Work request :: Print, word for word, only the lines from the one with "Product name: 【1円スタート】近代通貨制度150周年記念" down to the last line of the listing below; no pictures.

Input data ::
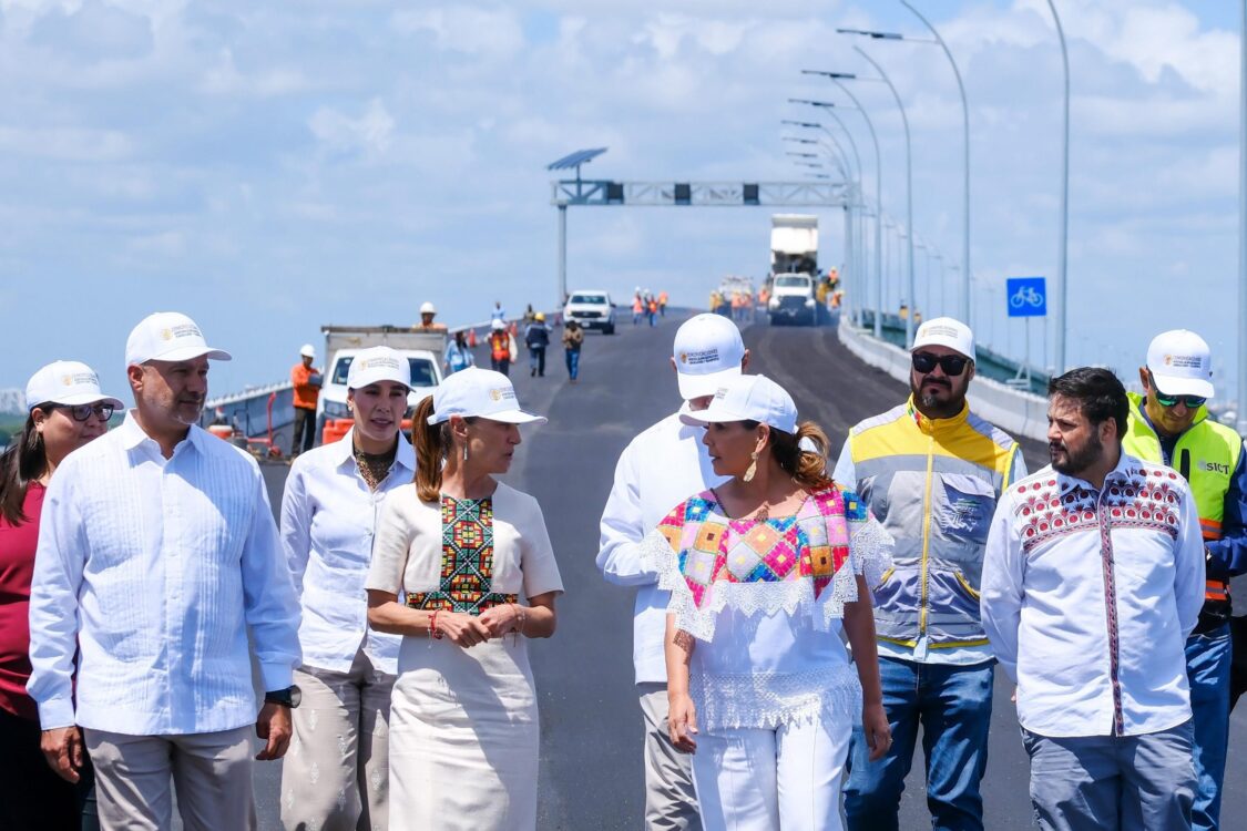 Supervisan Claudia Sheinbaum y Mara Lezama avances finales del puente Nichupté en Cancún
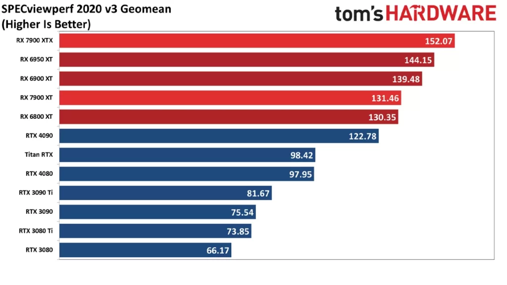 برای بررسی عملکرد حرفهای کارتها، از بنچمارک SPECviewperf استفاده شده که ۸ تست مختلف برای عملکرد کارت گرافیک داره. با یک نگاه به میانگین امتیازات، میبینیم که حتی ضعیفترین کارت گرافیک AMD حاضر در این لیست هم میتونه به راحتی RTX 4090 رو شکست بده! قطعا میپرسید چرا؟ خب باید بگم که این دو دلیل داره. اولیش آپدیت درایوریه که AMD پارسال برای کارتهاش منتشر کرد و باعث شد عملکرد کارت گرافیکهای سری ۶۰۰۰ و حالا ۷۰۰۰ در کارهای حرفهای بهتر بشه. دومیش هم محدودیتهای انویدیاست، یعنی انویدیا باعث شده که در این بنچمارک کارتش ضعیف باشه! انویدیا ابزارها و نرمافزارهای حرفهای زیادی داره، که ترجیح میده برای اجبار کاربران حرفهای مثل موسسات و سازمانها به خرید اونها، عملکرد کارت گرافیک رو در برخی کارها ضعیف کنه. مثلا محدودیت انکودهای همزمان کارت گرافیک. AMD از این کارها نمیکنه، و به کاربران اجازه میده بتونن شیره کارت رو بیرون بکشن.
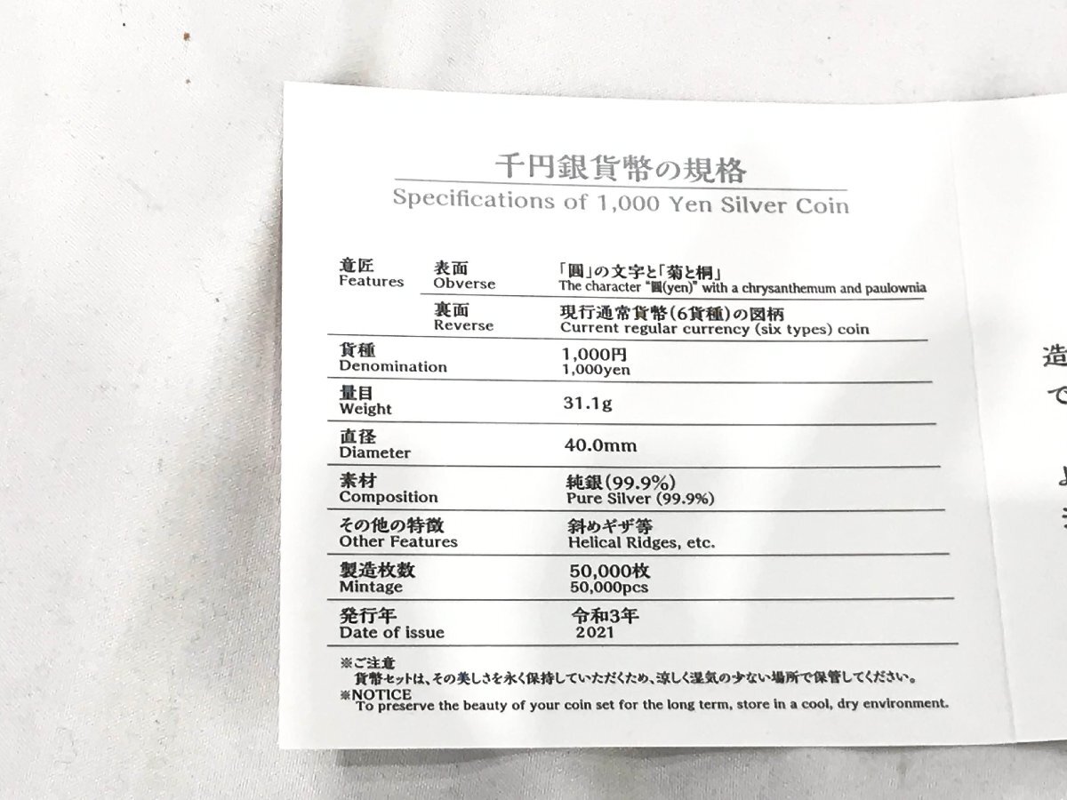 Product name: 【1円スタート】近代通貨制度150周年記念 千円銀貨幣プルーフ貨幣セット 31.1g 純銀 令和3年 1000円 造幣局 H1423
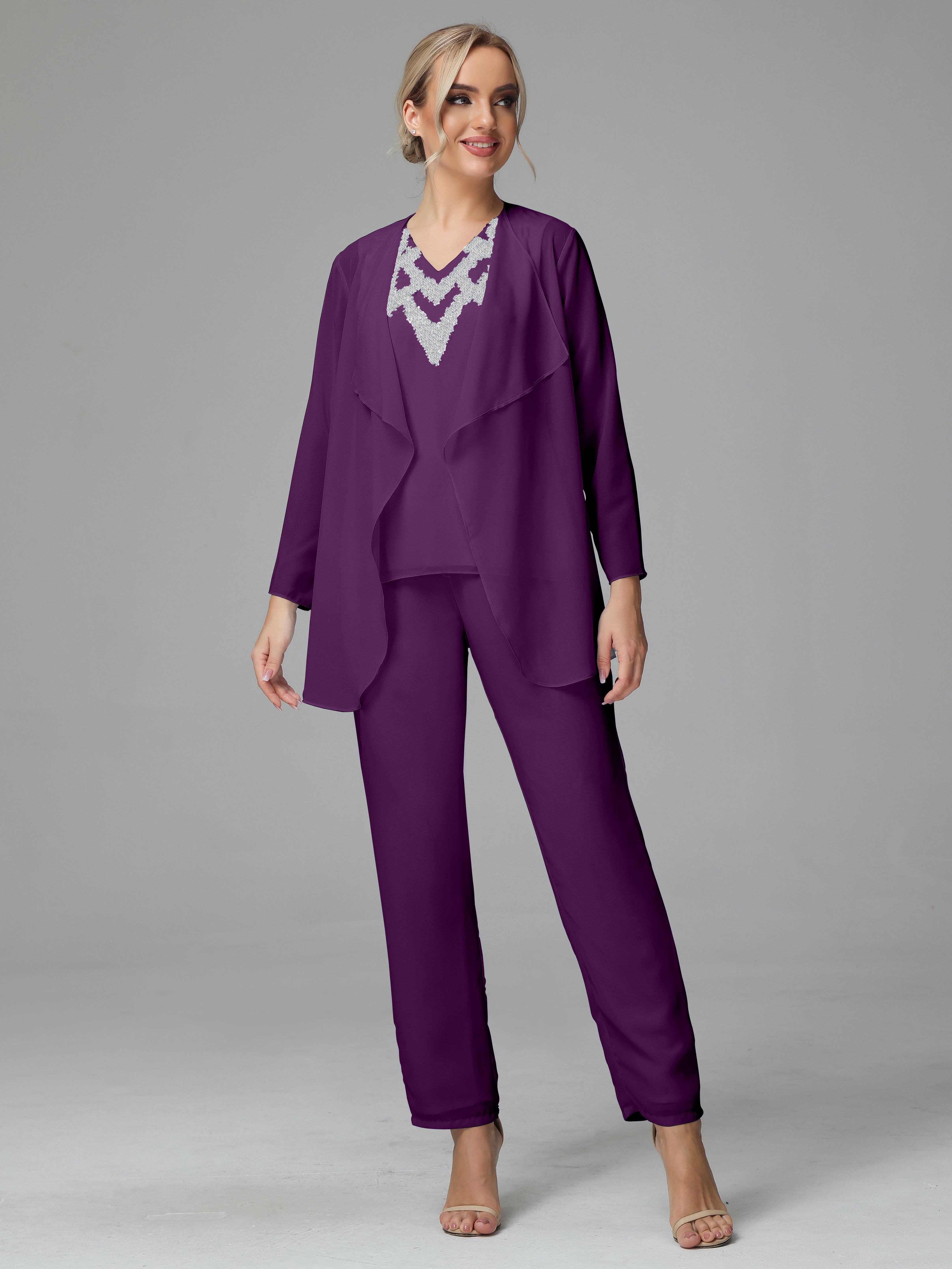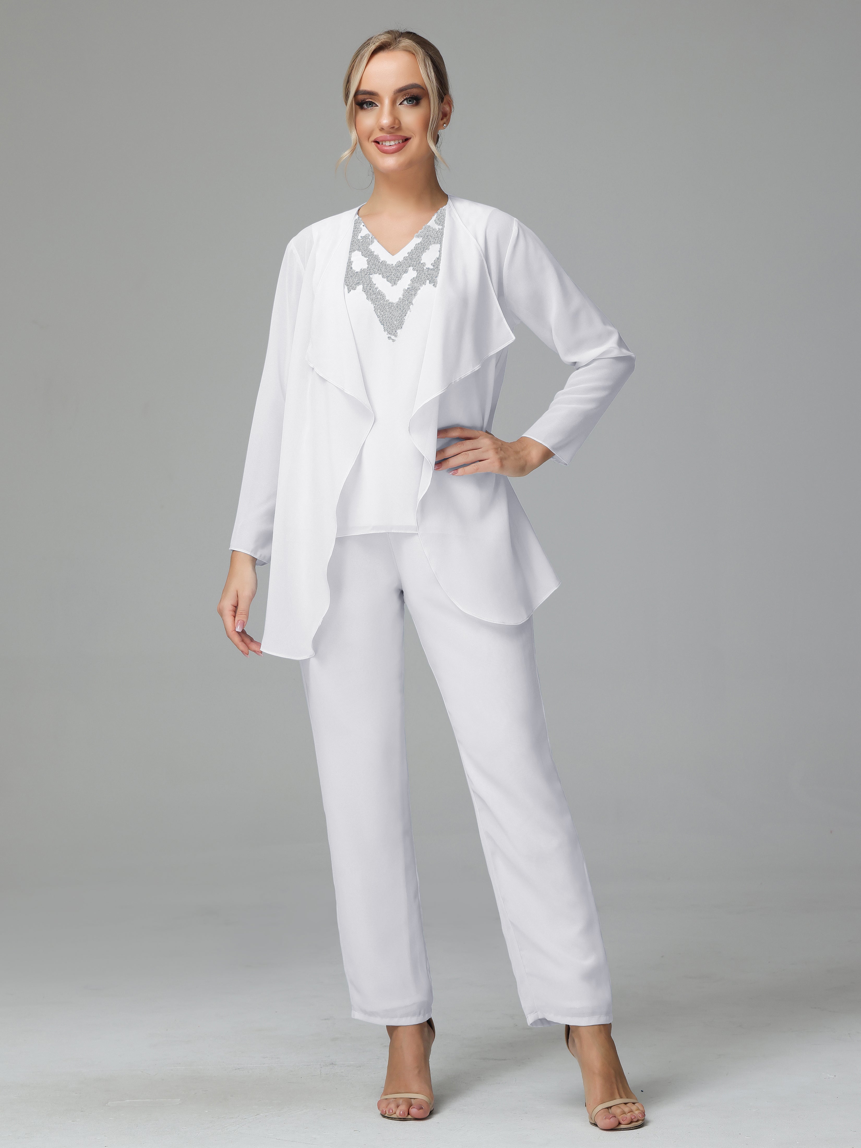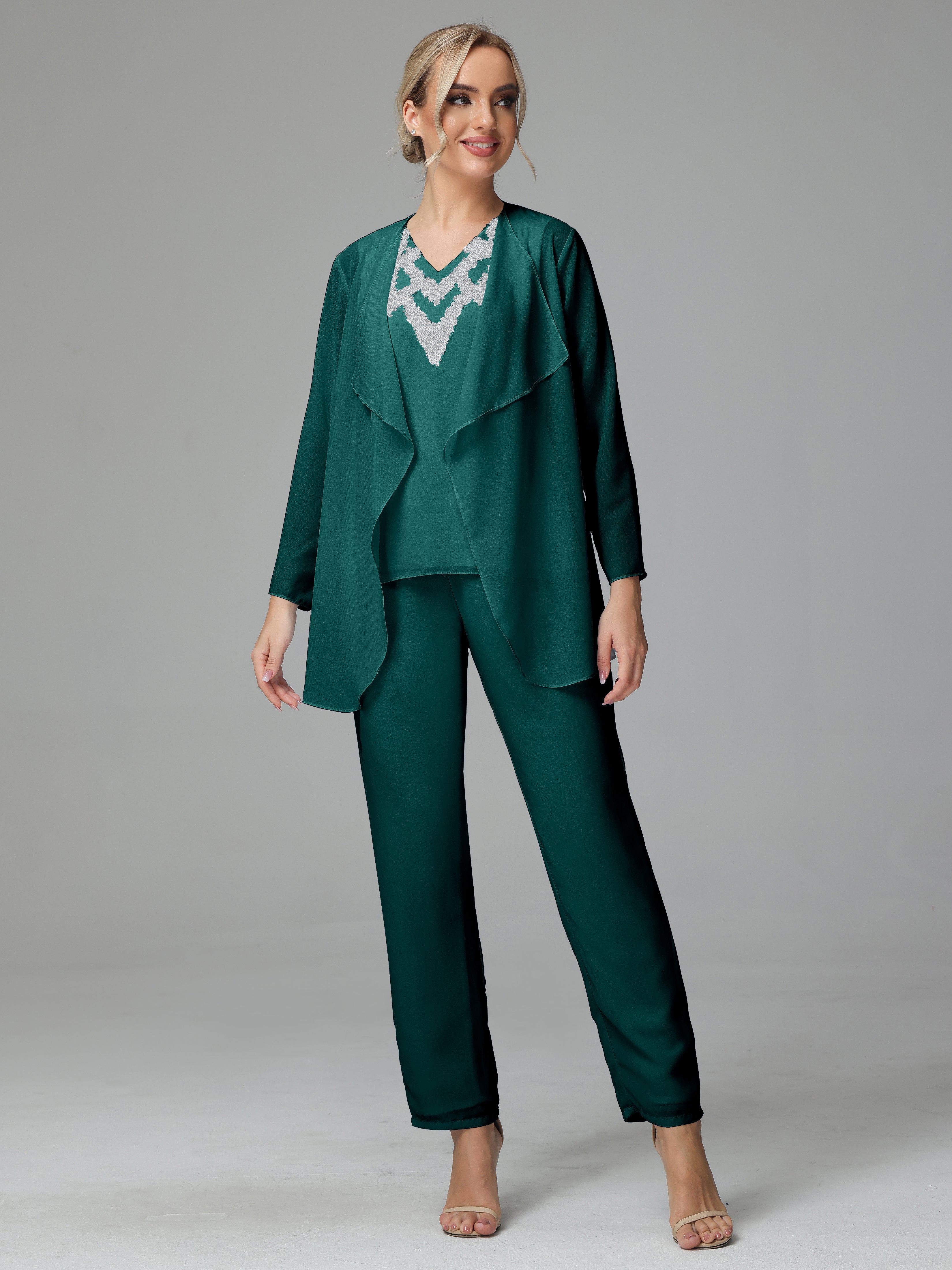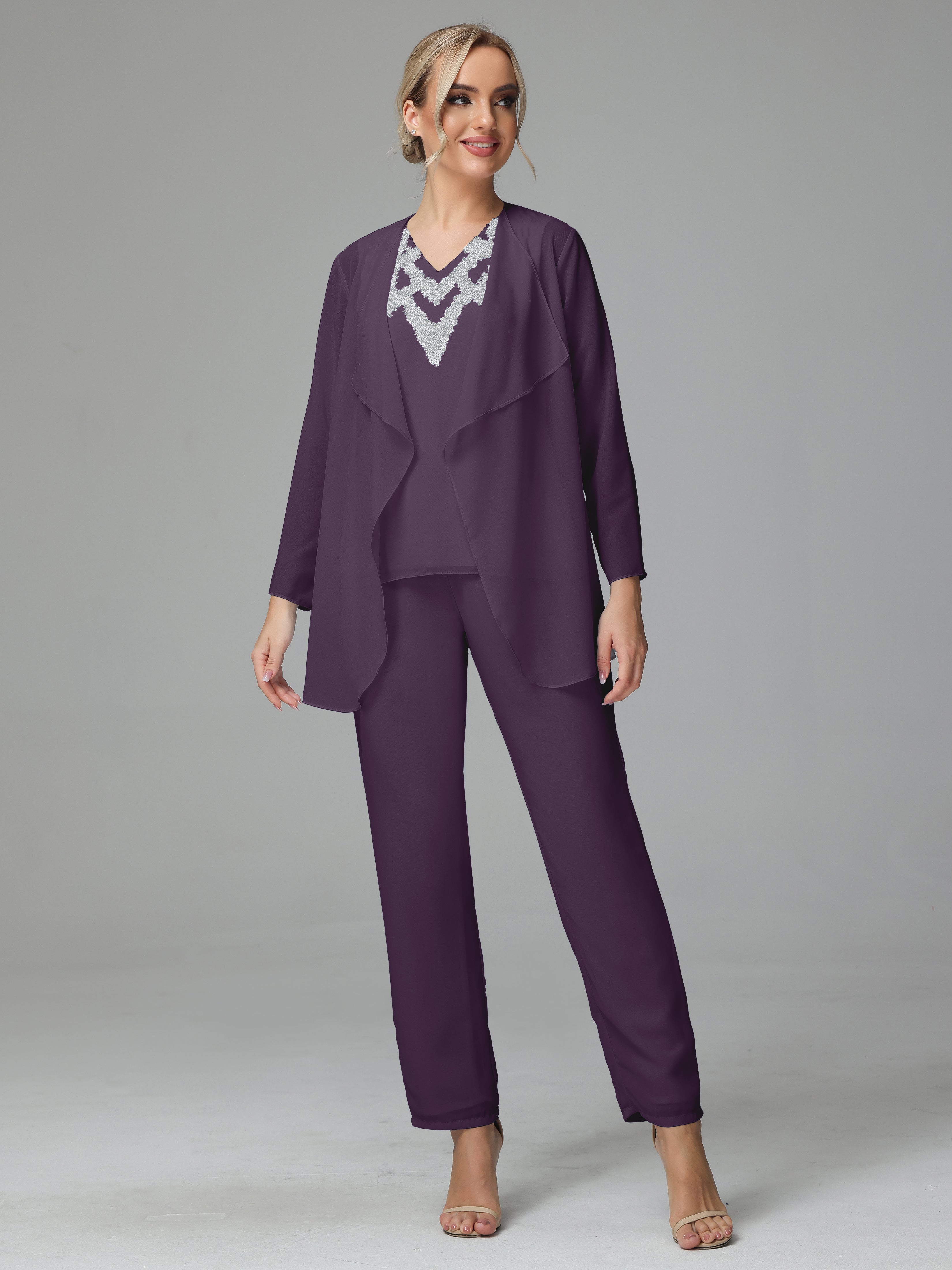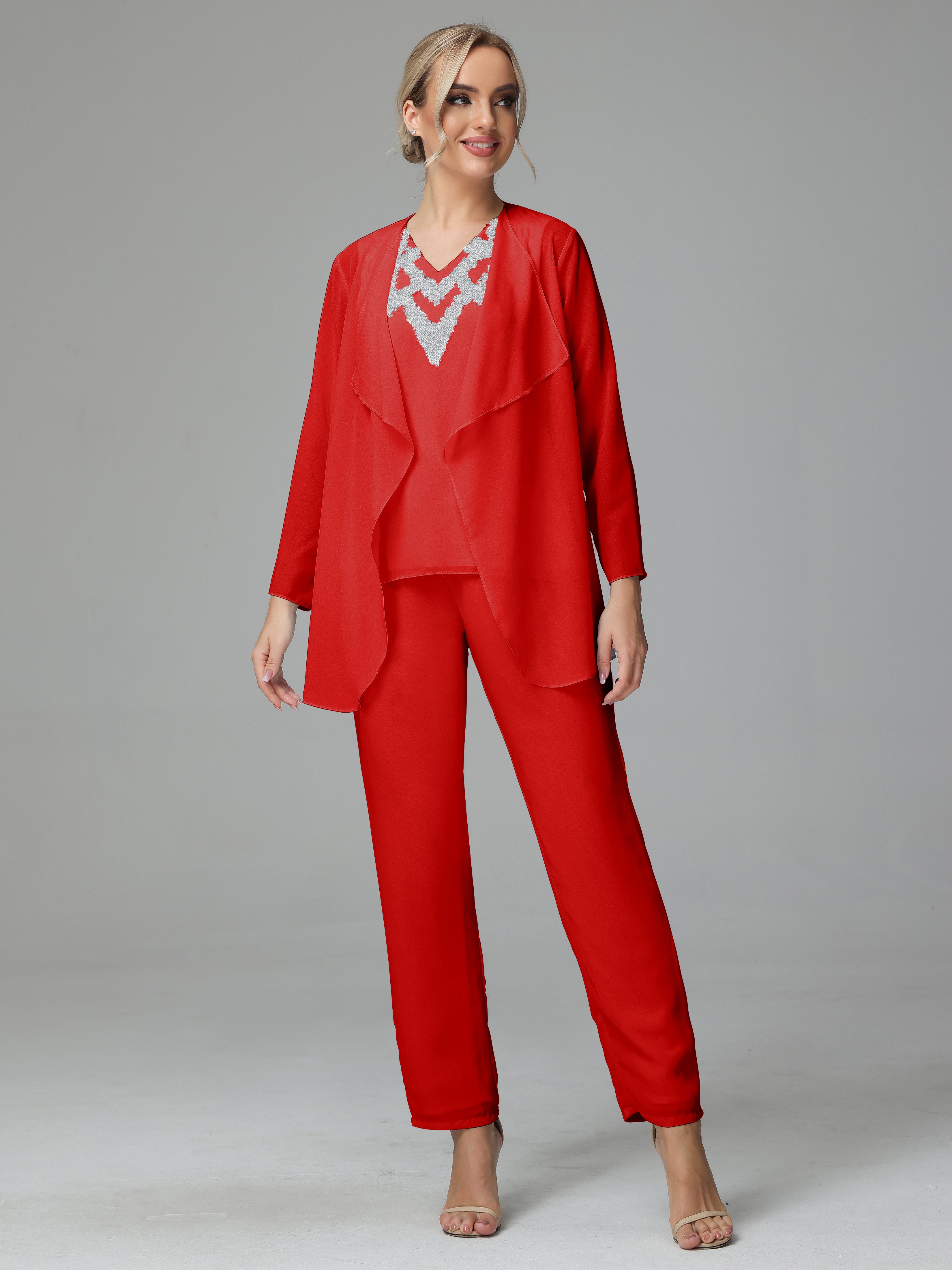 Sequins 3 Pieces Chiffon Mother of Bride Dress Pant Suits

Answer section ::
 Product name: 【1円スタート】近代通貨制度150周年記念 千円銀貨幣プルーフ貨幣セット 31.1g 純銀 令和3年 1000円 造幣局 H1423
 Sequins 3 Pieces Chiffon Mother of Bride Dress Pant Suits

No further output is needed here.